The panel is mentioned in the collection from 1650 onwards as a ‘Painter's Studio’. However, the subject is more likely to be an antique dealer’s shop or a collector's studio. Frans Francken the Younger specialised in this type of composition in which, with consummate skill, he created ‘pictures within a picture’. Often, the masterly, meticulous representations of statues and paintings, among which one can recognise landscapes, caricatures and paintings of religious stories, are complemented by still-life elements, such as the vase of flowers on the right, and allegorical elements, such as the monkey tied to a chain, a symbol of the imitation of nature that must be tamed, in the artist's poetics, by intellect and culture.

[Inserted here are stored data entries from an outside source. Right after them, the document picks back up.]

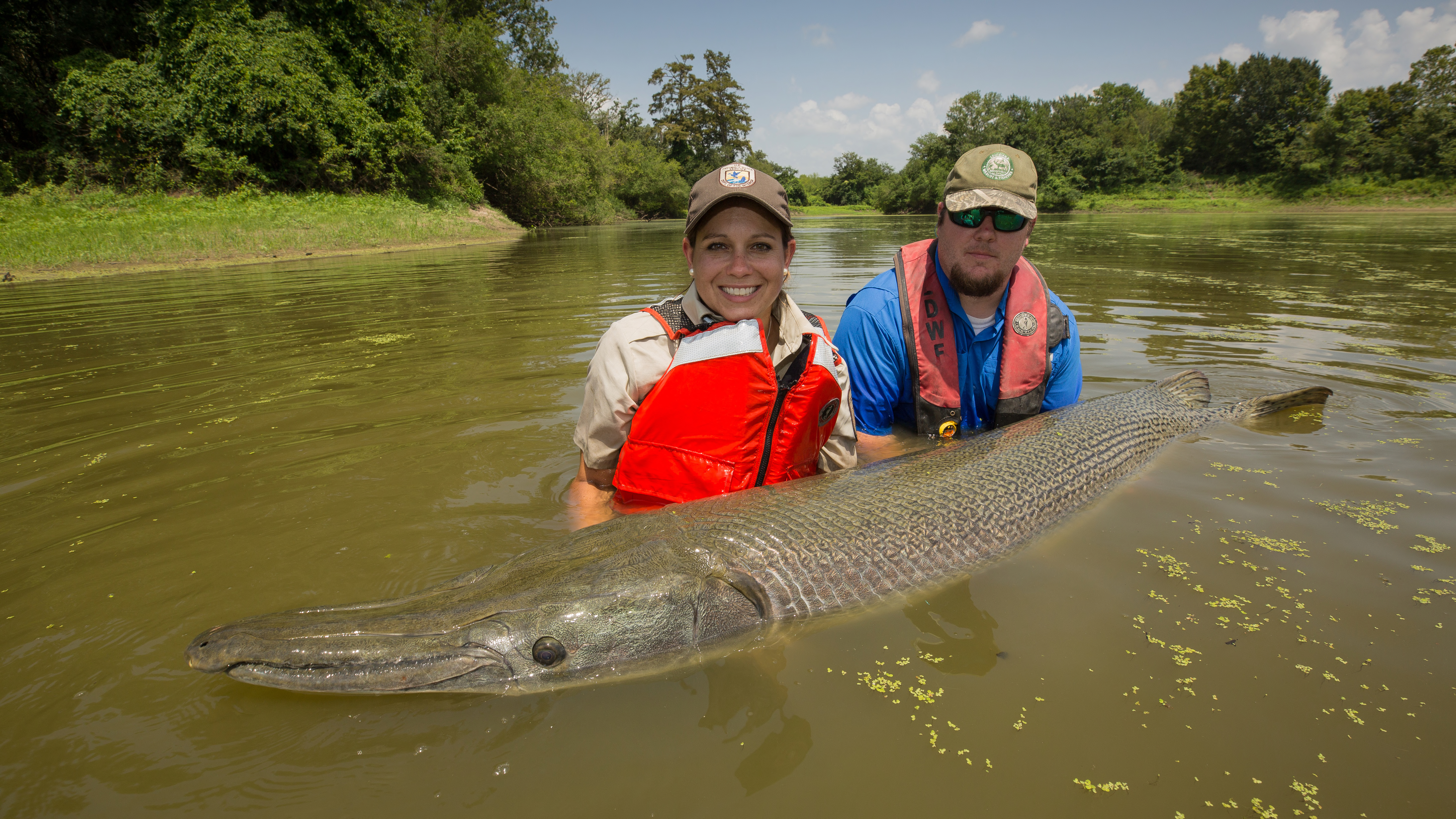 Biologists holding gar in the water
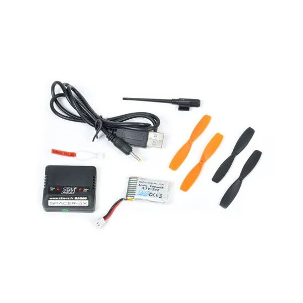 Mini-OVNI RC équipé de 4 micro-moteurs et d’un gyro 6 axes. Emetteur 4 voies 2.4GHz.
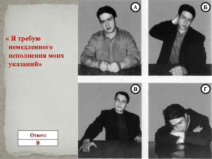 А Б В Г « Я требую немедленного исполнения моих указаний» Ответ: В
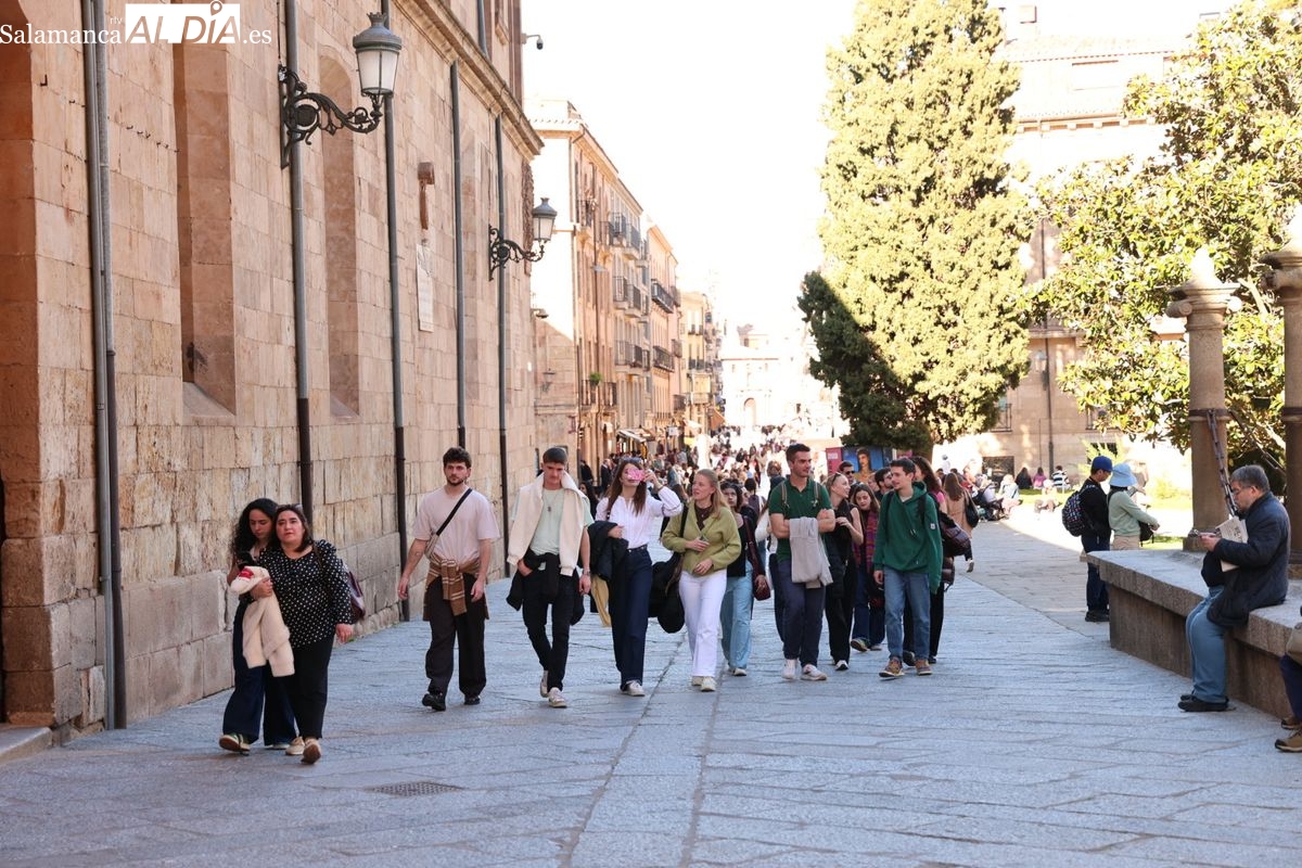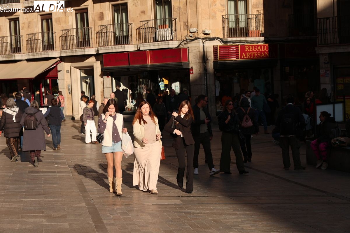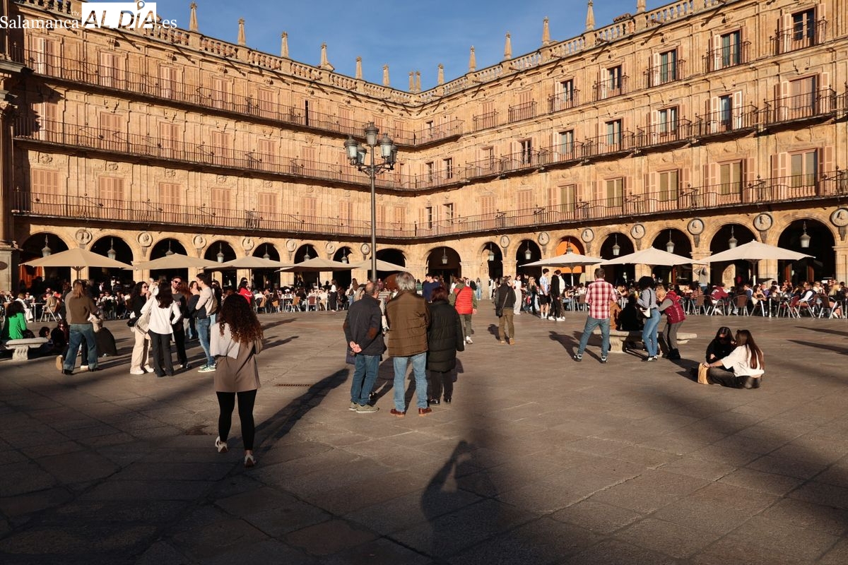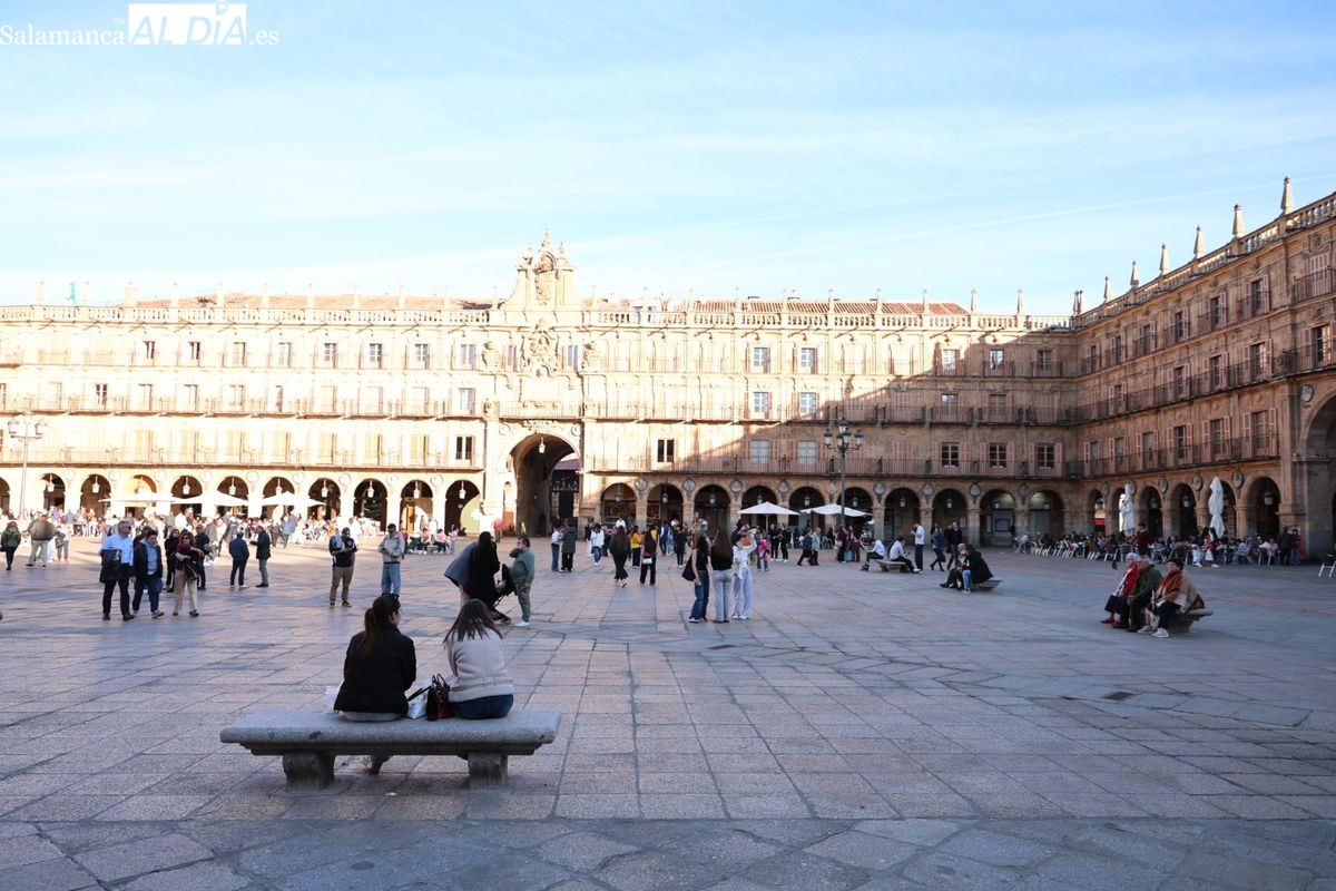 El cambio de tendencia en la meteorología, marcado por la presencia del sol y unos termómetros que han registrado valores propios de la primavera, ha transformado la imagen del casco histórico durante este domingo. Las calles aledañas a la Plaza Mayor y los principales enclaves monumentales han registrado un gran ambiente desde primera hora de la mañana, con una mezcla de vecinos y turistas que han querido aprovechar la ausencia de precipitaciones después de varias semanas de inestabilidad atmosférica.
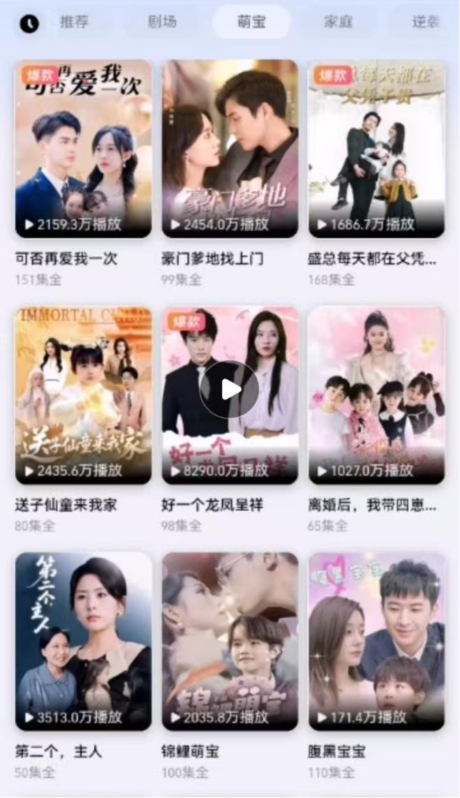 支付宝短剧迷局进入支付宝短剧页面,会发现其内容非常全面,不仅拥有萌宝、家庭、逆袭、重生、甜宠、虐恋、打脸虐渣、大女主等热门短剧主题,而且短剧数量非常多,在一屏九个的短剧页面中,小编多次滑屏,但都没有翻到底页。
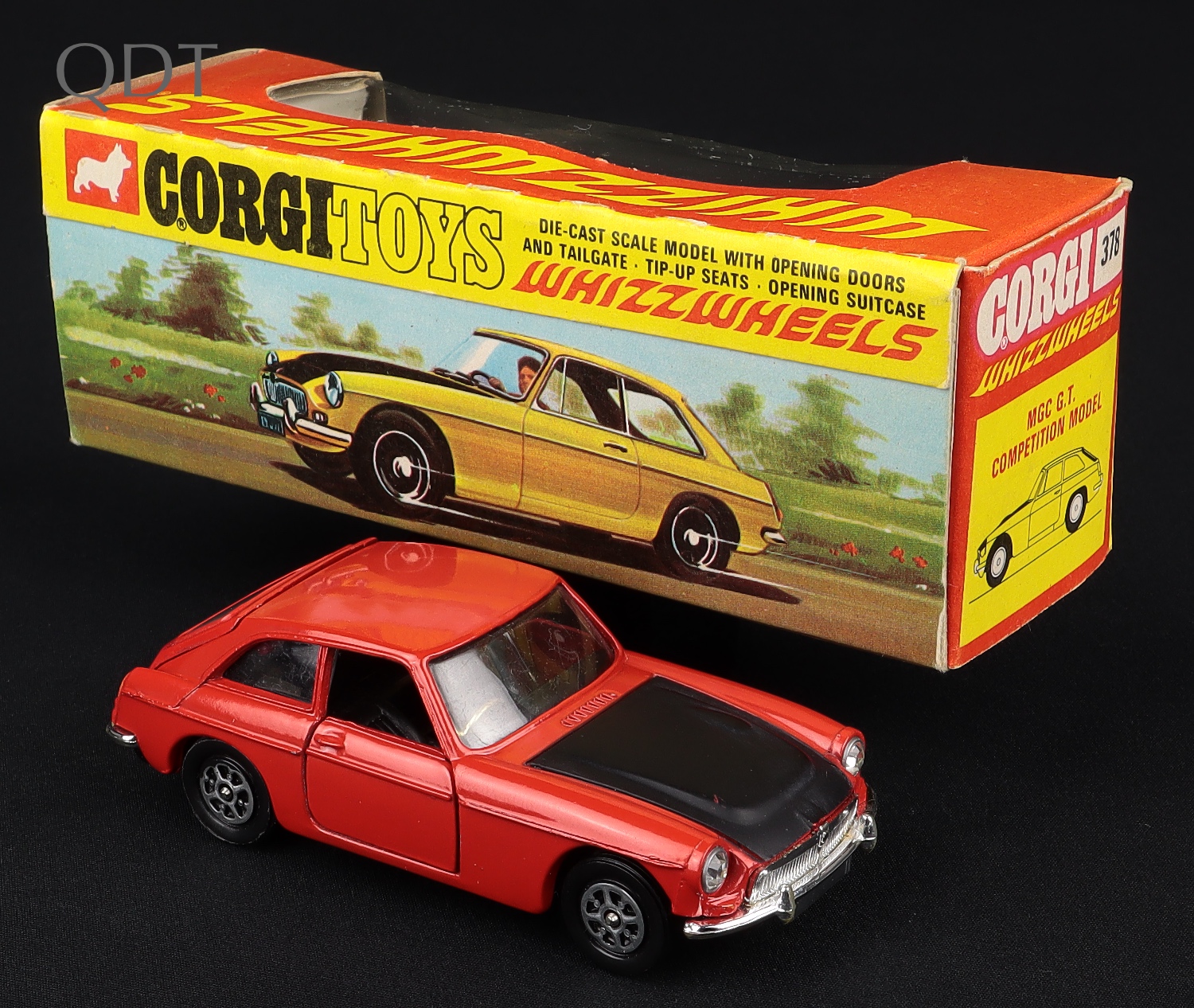 MGC G.T. Competition Model by Corgi Toys, No. 378. Very near mint/boxed, with suitcase. Very scarce LATE version with ROSTYLE whizzwheels. From The Gower Collection.

Collection of Cardinal Scipione Borghese (?), cited by Manilli, 1650; Inventario Fidecommissario Borghese 1833, p. 30. Purchased by Italian State, 1902.
Bottom left: DEN. II FRANCIS. FRANCK. P. INVENTOR ET FECIT. F.
The panel bears the signature of Frans Francken the Younger. Born into an artistic family, Francken distinguished himself by specialising in the creation of interiors enlivened by objects and curios, a veritable 17th-century Wunderkammer. Here we see a room, a kind of picture gallery: the walls are covered with works of art, from a still life to religious and mythical scenes, as well as some portraits and animated landscapes. But it is not only this that catches the eye: all manner of items are to be found, from shells to small antique marbles, from sculptures above the woodwork to a small dog and a monkey tied to a possibly Turkish stool, a reminder of the travels of the anonymous owner of the place. The small macaque may have been intended as an allegory of painting (‘naturae simia’). On the left, two figures, one of them opulently dressed, are arguing animatedly, perhaps over a book of accounts, while behind them a third figure stares at them in astonishment.
The panel was already in the Borghese collection when it was described by Giacomo Manilli as a ‘painter's study’ (1650, p. 109). A more detailed description can be found in the inventory of 1693: ‘a panel painting three spans high with a depicted gallery with many paintings with an Astrologer sitting at the table with the Map of the World with a monkey tied to a stool...’ (inv. 1693, no. 29). (inv. 1693, no. 29). The subject matter is still unclear: by some it is considered to be a depiction of a painter's studio, by others ‘a picture dealer’ (Venturi 1893, p. 137; Longhi 1928, p. 200; Della Pergola 1959, p. 163; Hermann-Fiore 2006, p. 85; Moreno-Stefani 2001, pp. 358-359) or even a ‘Galerie de Tableaux’ (van Puyvelde 1950, pp. 74, 202).